──────── GIVEN MATERIAL
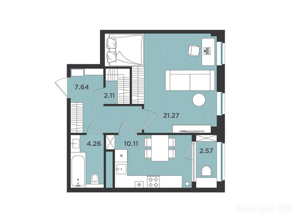1-комн. квартира, 47.96 м2, 2 этаж
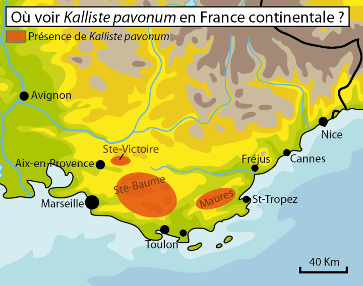 – le Var : elles sont dans l’Est du massif de la Sainte-Baume et dans le massif des Maures, donc au Nord et au Nord-Est de Toulon. Ces données sont situées entre 140 m d’altitude en zone urbaine (Les Faraches) et 700 m vers Notre-Dame des Anges au Nord de la ville de Collobrière.
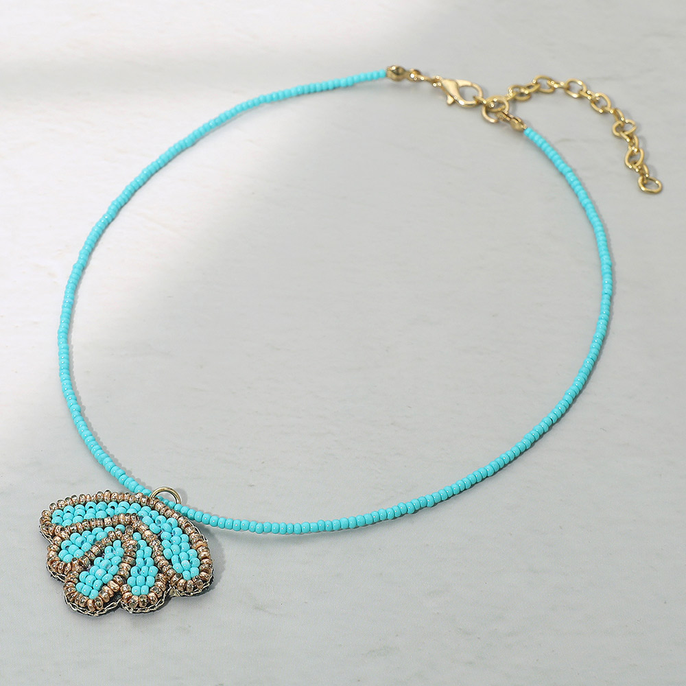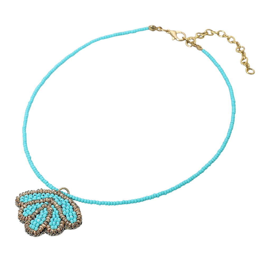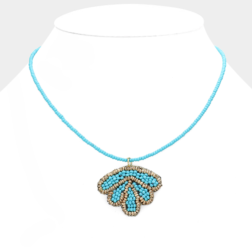 Felt Back Seed Beaded Shell Pendant Necklace
────────────────
### [TASK STATEMENT]
Give the data above again in full and unchanged, skipping the pictures.

### [PROBLEM SOLUTION]
1-комн. квартира, 47.96 м2, 2 этаж
 – le Var : elles sont dans l’Est du massif de la Sainte-Baume et dans le massif des Maures, donc au Nord et au Nord-Est de Toulon. Ces données sont situées entre 140 m d’altitude en zone urbaine (Les Faraches) et 700 m vers Notre-Dame des Anges au Nord de la ville de Collobrière.
 Felt Back Seed Beaded Shell Pendant Necklace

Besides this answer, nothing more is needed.